The Witch Had Cast a Spell
After failing to kill the wolf, he decided to check on the accuracy of his rifle and chose a knot on a tree that was further away than the wolf or deer he had shot at. He took careful aim and fired, hitting the knot dead center, so he realized his aim and his gun were accurate.
It was at this time that he changed his mind about the old woman's ability to cast spells, and remembered a man who lived near Old Houlka, who people called a witch doctor, and had the powers to undo spells cast by witches.
The next day Quinney rode his horse towards Old Houlka, and while in route, saw a rabbit on the trail ahead of him. He decided to try his gun one more time, but the results were the same, and the rabbit hopped away. Quinney was now resolute about the old woman being a witch.
The Witch Doctor Prescribes a Cure
Upon reaching the witch doctor's house, Quinney explained what had been going on and told the man about the woman mumbling something he couldn't understand, and the man told him she was probably casting a spell then. He also told my great-grandfather that there was only one cure for stopping the spell. He told Quinney to hack up a silver dollar, so the pieces would fit into his muzzleloader, and use his knife to carve out a likeness of the witches' face on a beech tree, take ten paces away from it and fire the weapon at the likeness, and that should cancel the spell. He also told Quinney that if the woman did not send someone to Quinney's house to get certain herbs by nightfall, she would die. Quinney told the man he wasn't very good at drawing faces, and the witch doctor said it didn't matter as long as he was thinking about the woman's face while carving her likeness.
The Spell is Broken
The witch doctor helped hack up a silver dollar, and Quinney loaded it into his gun, and started his journey home, remembering several beech trees along the trail. The first one he encountered was a big one, so he did as the witch doctor had said, and fired his rifle into the likeness he carved on the tree. He saw that the chards of the silver dollar had hit their mark, and he continued home.
Upon reaching his house just before nightfall, he was met by his wife. She told him the oddest thing had happened. She said the witch had sent her housekeeper to get some herbs they had, and that the woman was in a hurry.

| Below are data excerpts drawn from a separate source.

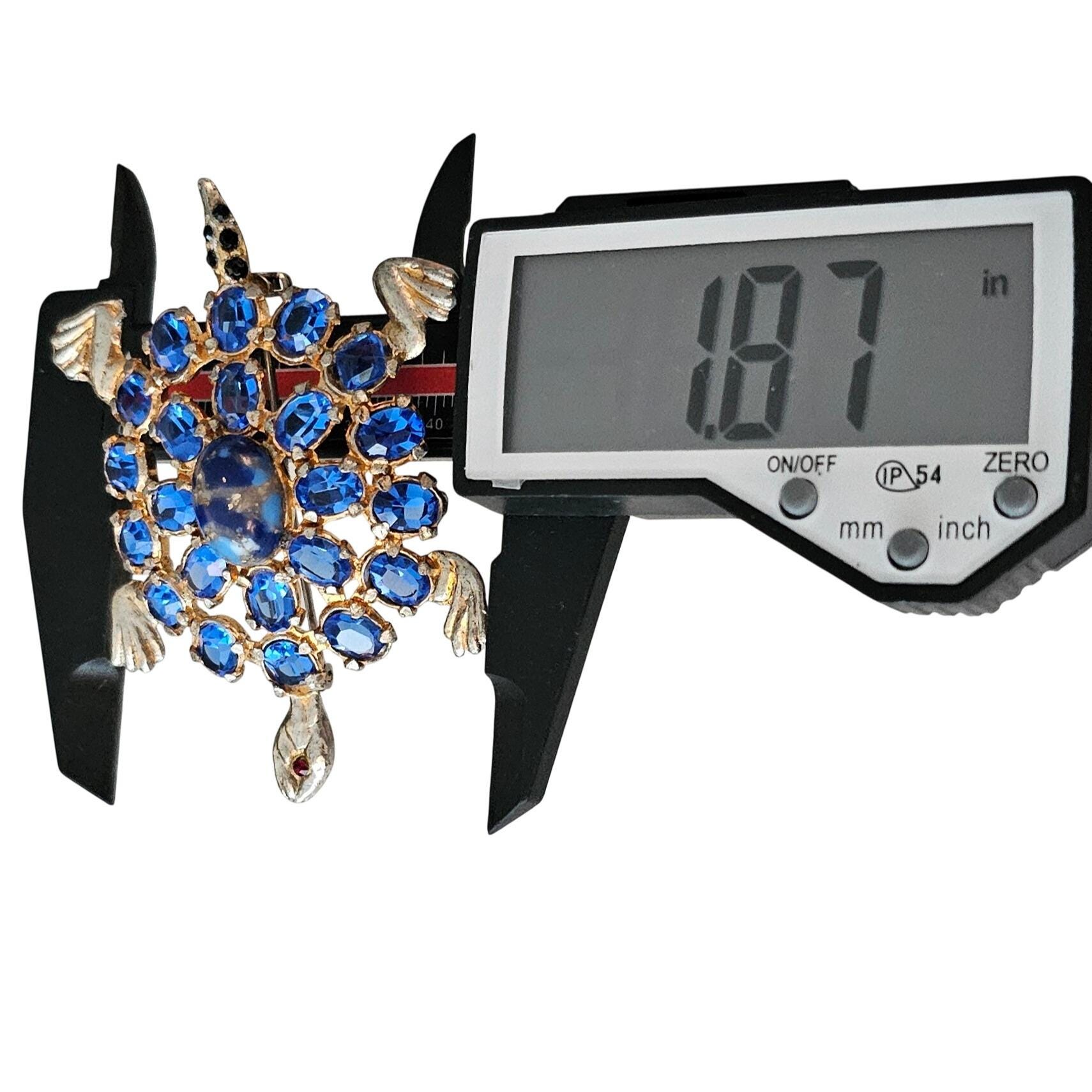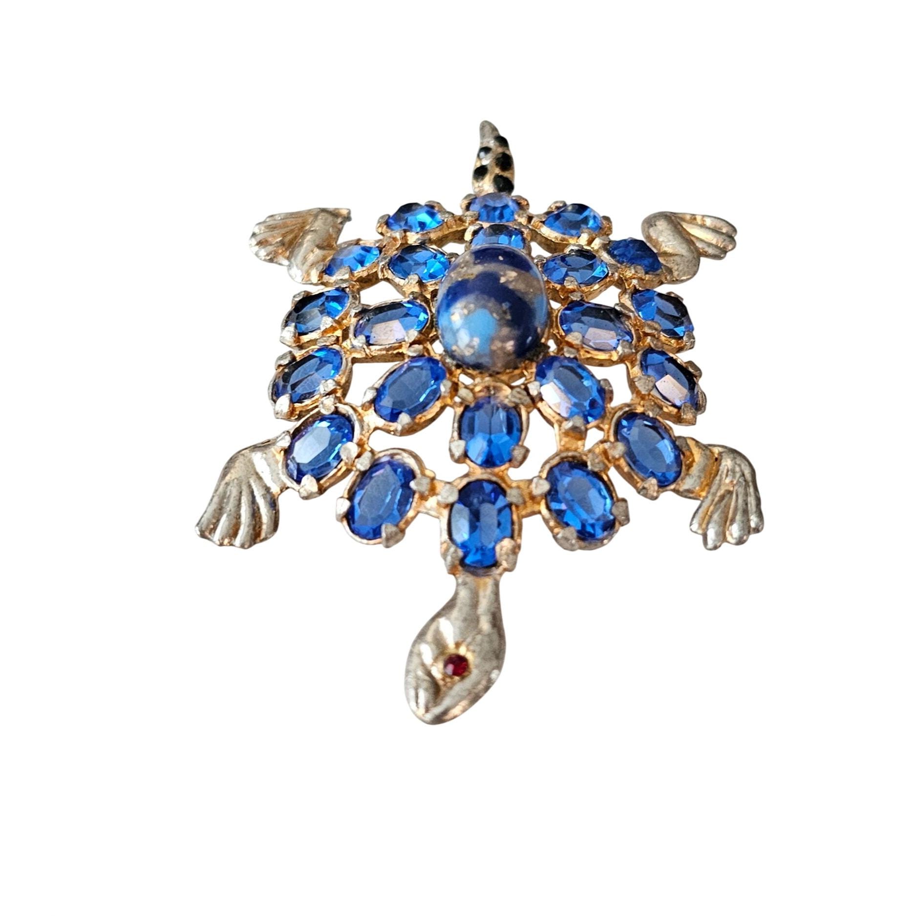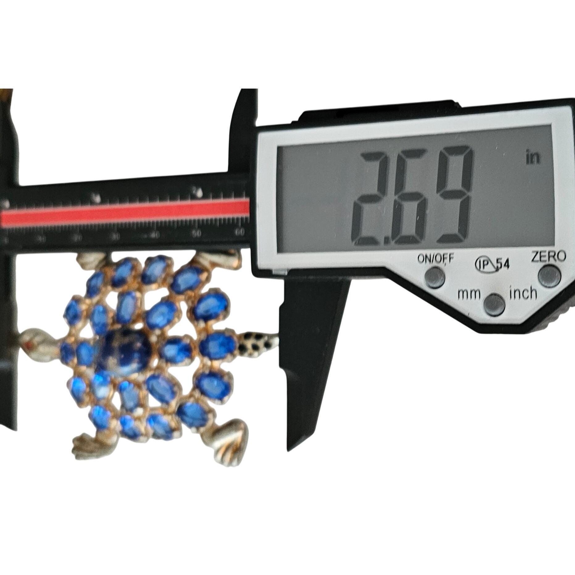 Pot Metal Brooch Blue Open Back Rhinestone Turtle Pin J363
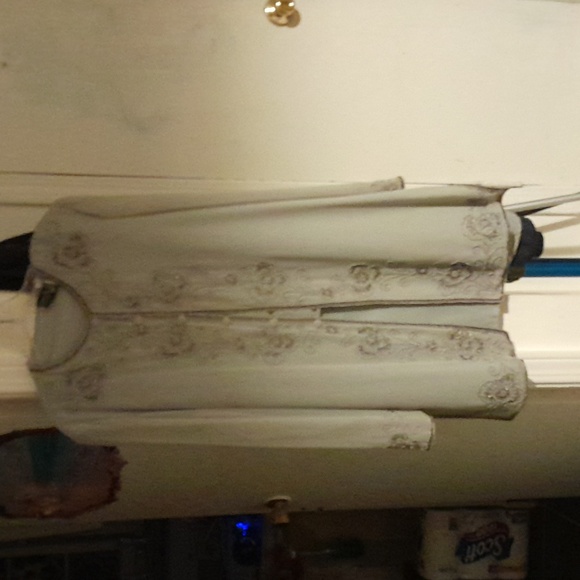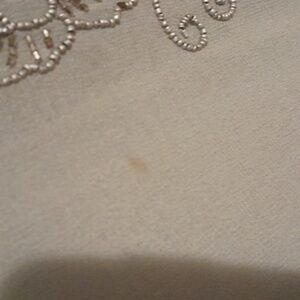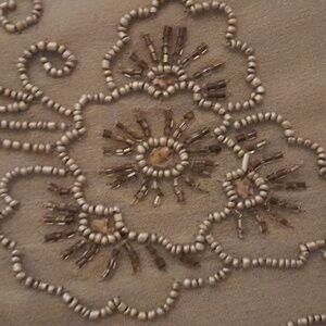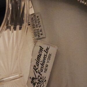Vintage. Made in India,rayon, silver beaded gray blazer with six cloth buttons over snaps. sheer sleeves. Small stain as shown in photo. Perfect for mother of the bride!!
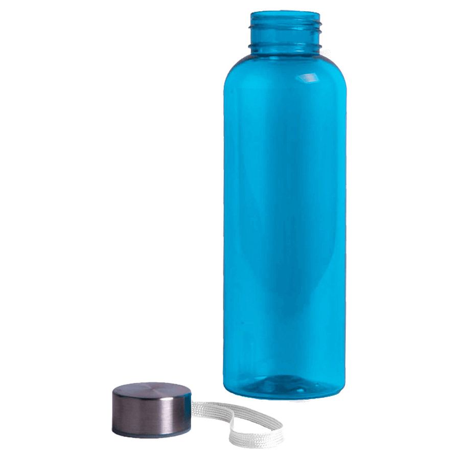 Пластиковая цветная бутылка с металлической крышкой.
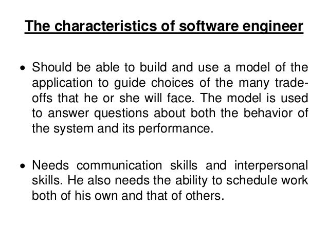11. 11. The characteristics of software engineer • Should be able to build and use a model of the application to guide choices of the many trade- offs that he or she will face. The model is used to answer questions about both the behavior of the system and its performance. • Needs communication skills and interpersonal skills. He also needs the ability to schedule work both of his own and that of others.
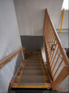 - Treppenbau: Die Fertigung und Montage von Treppen in verschiedenen Designs und Materialien ist eine Kernkompetenz der Bautischlerei.
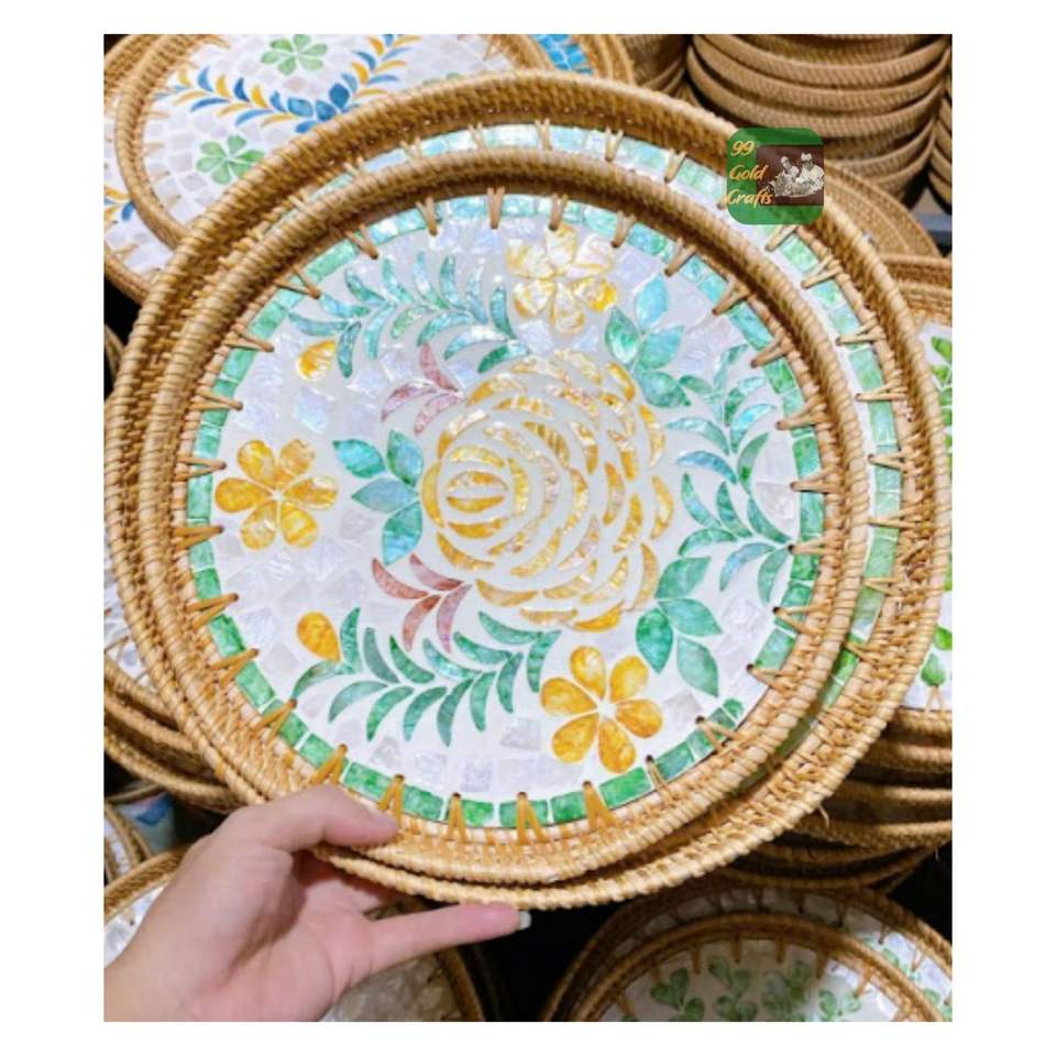 ถาดไม้ไผ่หวายแฮนด์เมดจากเวียดนามสำหรับกาแฟอาหารเช้าของตกแต่งบ้านแบบชนบทเป็นมิตรกับสิ่งแวดล้อม
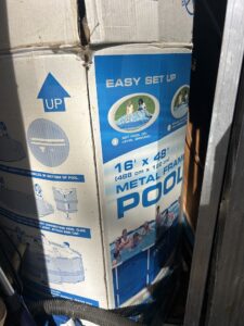 Igloo Pull Type Cooler • Large Swing Set • 500gal Propane Tank • 2 Large Dog Houses • Front Porch Swing • Troy Bolt Pony Riding Mower 42” 12.5 Horse Motor • Lawn Chairs • Weed Eater • Long Handle Tools • New Basketball Goal • Fishing Equipment • Stanley Tool Box • Metal Folding Chairs • Camping Cot • 16×48 Swimming Pool (In Box) • Pump Up Sprayers • Outdoor Grills • Plastic Trash Cans • Bladder Tank for RV •
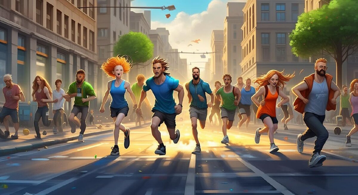 Финишное ускорение. Снова препятствие – плачет чей-то ребёнок. Он не должен никого волновать. Пусть его родители волнуются. Но часть бегунов так не думает и спешит на помощь.
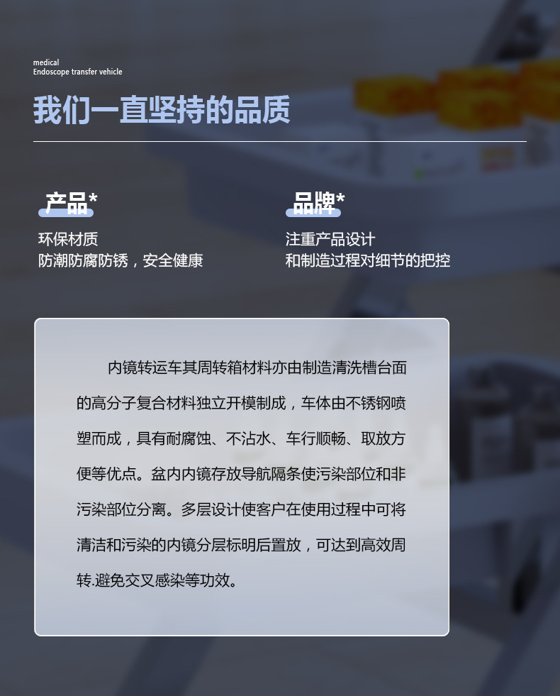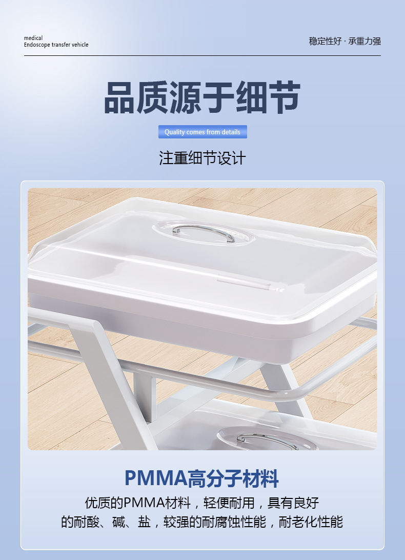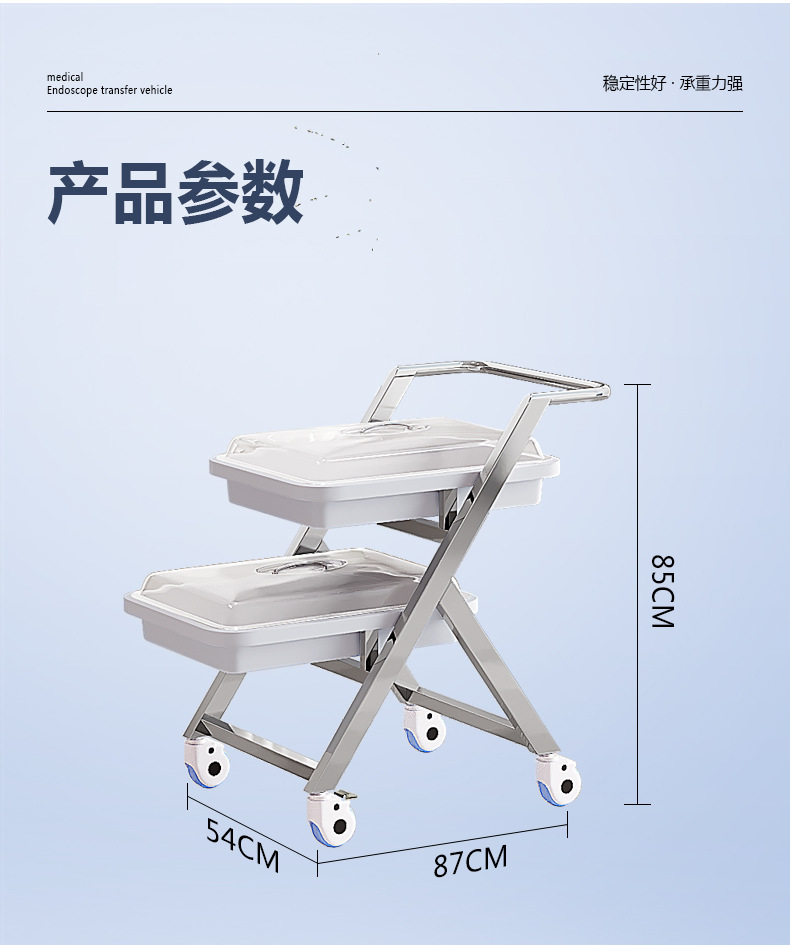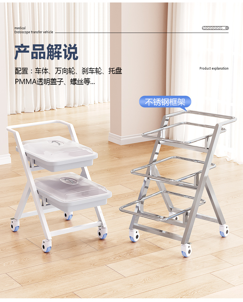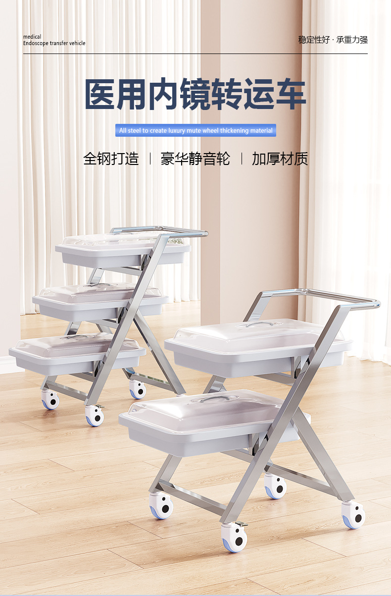 专供出口不锈钢医用内窥镜胃肠镜纤支气管镜运转车内镜托盘架推车

Quinney told her what had transpired, and they were cautiously relieved that the spell had been broken.
During the next several days the cow began giving milk again, and every animal my great-grandfather shot ended up on the dinner table. The family was never bothered by the witch again and never had to chase the livestock out of their garden.
As I said before, this story was passed down from my grandmother, Patsy, who told it to me personally. I never knew her to tell a lie, or make anything up.